*TASK OBJECTIVE*: Exclude pictures and give again exactly the lines of the listing, beginning with its first line and ending with the one that contains "个股表现方面,环境治理行业当".

[Opening GIVEN MATERIAL section]

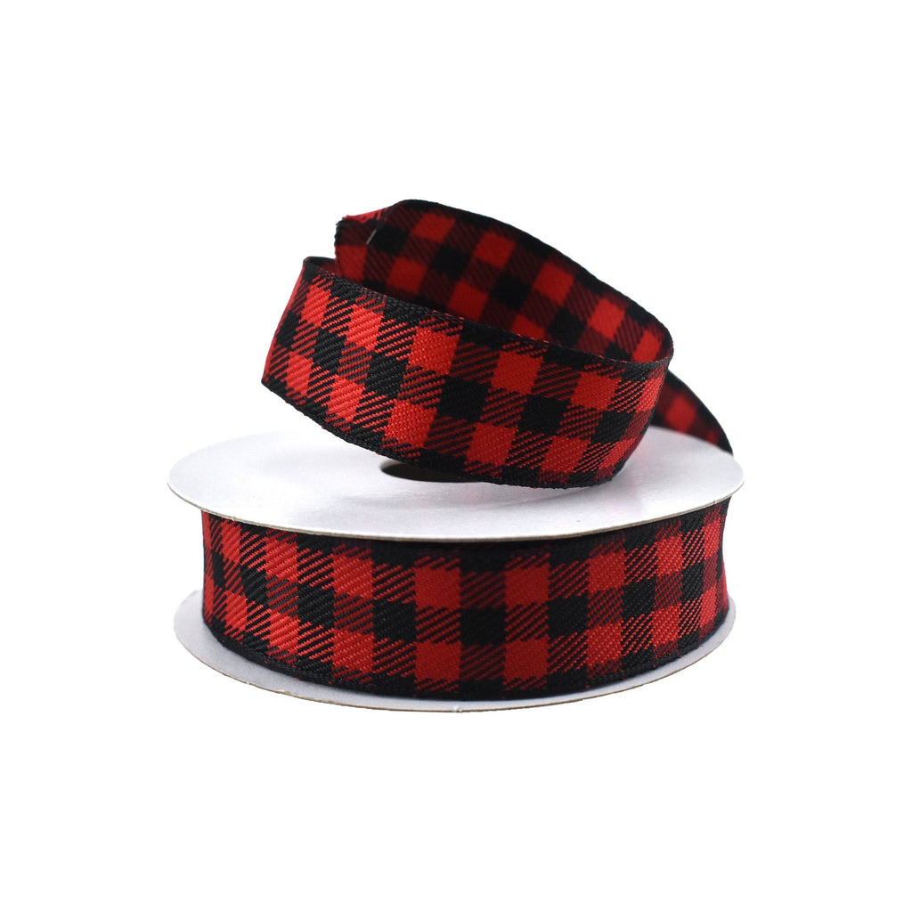 Christmas Buffalo Plaid Checkered Wired Ribbon, 7/8-Inch, 10-Yard
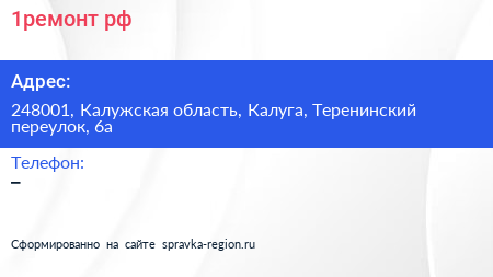 1ремонт.рф по адресу 248001, Калужская область, Калуга, Теренинский переулок, 6а в дальнейшем Организация, размещена в следующих категориях:
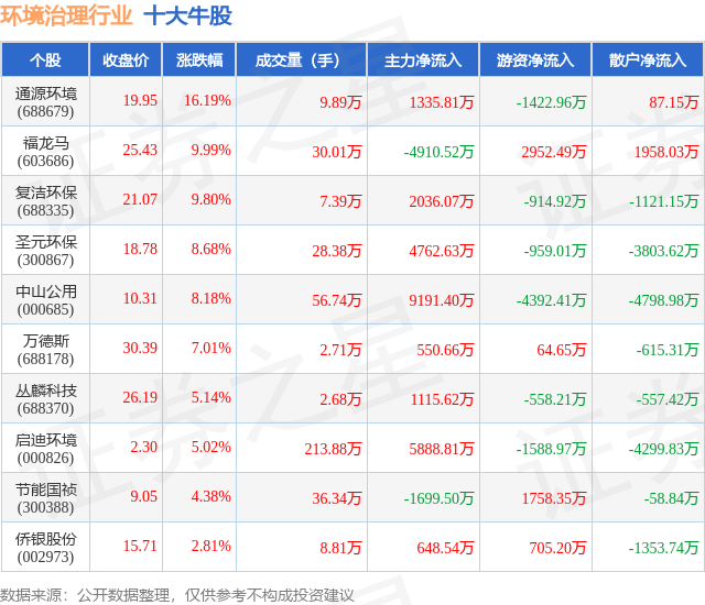 个股表现方面,环境治理行业当日领涨股为通源环境(688679),该股当日报收19.95,上涨16.19%,成交量9.89万,主力资金净流入1335.81万元。福龙马(603686)以上涨9.99%紧随其后,该股当日成交量30.01万,主力资金净流出4910.52万元。除此之外,复洁环保(688335)、圣元环保(300867)、中山公用(000685)均进入当日牛股之列。具体个股列表见下表:
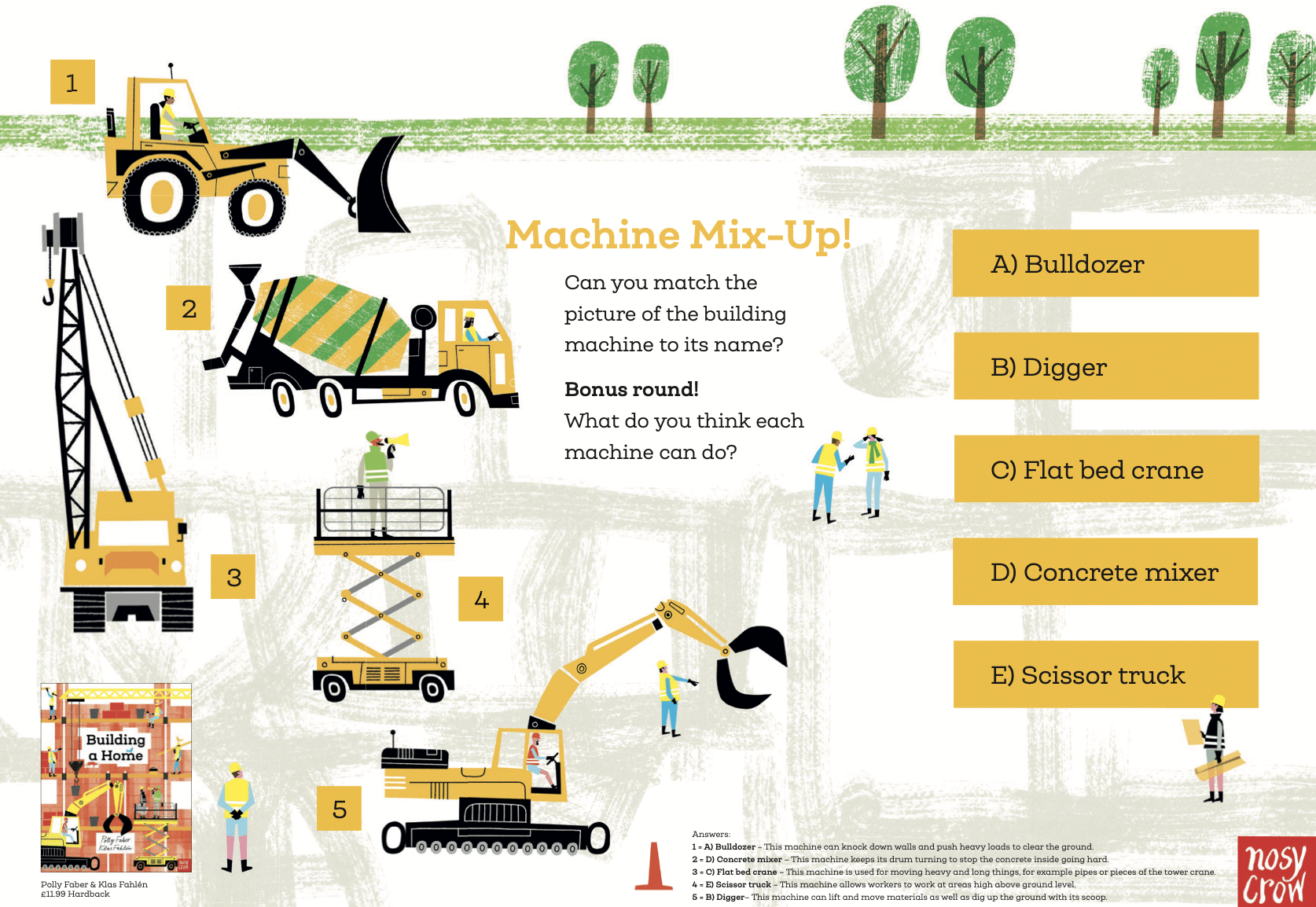 Now available in paperback, with action-packed artwork from Klas Fahlen and a gentle narrative text by Polly Faber, find out all about the people, machines, processes and tools involved in breathing new life into an old building. Packed with builders, cranes, diggers, cement mixers and a host of other exciting tools and machinery, follow a crumbling old factory on the edge of town as it goes from being an empty shell to something entirely new . . . a home.

[Closing GIVEN MATERIAL section]

*OUTPUT BELOW*:
 Christmas Buffalo Plaid Checkered Wired Ribbon, 7/8-Inch, 10-Yard
 1ремонт.рф по адресу 248001, Калужская область, Калуга, Теренинский переулок, 6а в дальнейшем Организация, размещена в следующих категориях:
 个股表现方面,环境治理行业当日领涨股为通源环境(688679),该股当日报收19.95,上涨16.19%,成交量9.89万,主力资金净流入1335.81万元。福龙马(603686)以上涨9.99%紧随其后,该股当日成交量30.01万,主力资金净流出4910.52万元。除此之外,复洁环保(688335)、圣元环保(300867)、中山公用(000685)均进入当日牛股之列。具体个股列表见下表:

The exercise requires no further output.